Please repeat exactly the lines below from the line with "ενός θετικού αριθμού" to the line with "haoyueer Söt bländande", including both, and leave out every picture.

_Source data_
Segment Open
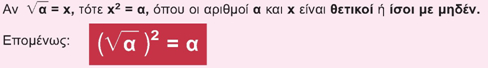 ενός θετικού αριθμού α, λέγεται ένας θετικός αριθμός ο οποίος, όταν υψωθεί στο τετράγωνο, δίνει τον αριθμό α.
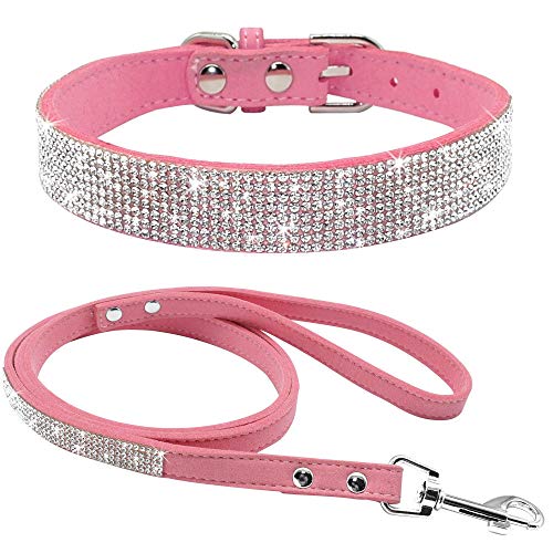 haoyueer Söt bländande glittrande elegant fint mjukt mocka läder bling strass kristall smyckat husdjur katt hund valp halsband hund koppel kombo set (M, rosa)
Segment Closed
Segment Open
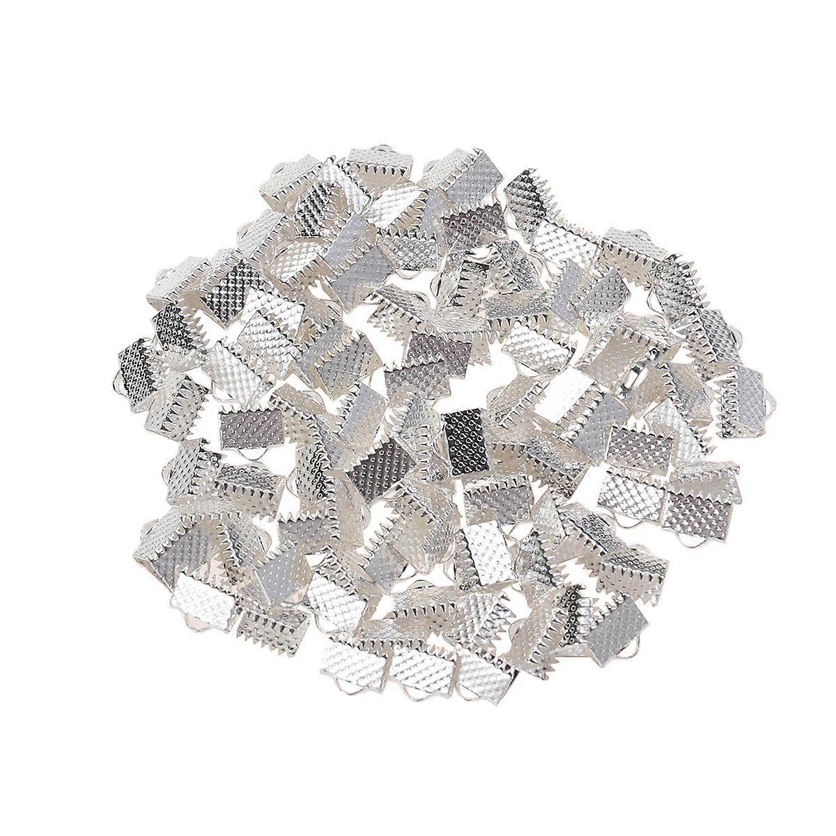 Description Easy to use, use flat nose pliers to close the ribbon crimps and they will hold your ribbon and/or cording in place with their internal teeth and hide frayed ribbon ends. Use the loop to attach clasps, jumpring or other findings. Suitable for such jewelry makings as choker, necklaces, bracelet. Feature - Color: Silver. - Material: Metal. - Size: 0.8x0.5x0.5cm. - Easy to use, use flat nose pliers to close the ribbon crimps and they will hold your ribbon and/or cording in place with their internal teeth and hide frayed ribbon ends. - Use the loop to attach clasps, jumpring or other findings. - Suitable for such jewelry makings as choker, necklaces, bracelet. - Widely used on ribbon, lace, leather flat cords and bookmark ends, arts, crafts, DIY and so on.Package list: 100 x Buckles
Segment Closed
_Response to the exercise_
 ενός θετικού αριθμού α, λέγεται ένας θετικός αριθμός ο οποίος, όταν υψωθεί στο τετράγωνο, δίνει τον αριθμό α.
 haoyueer Söt bländande glittrande elegant fint mjukt mocka läder bling strass kristall smyckat husdjur katt hund valp halsband hund koppel kombo set (M, rosa)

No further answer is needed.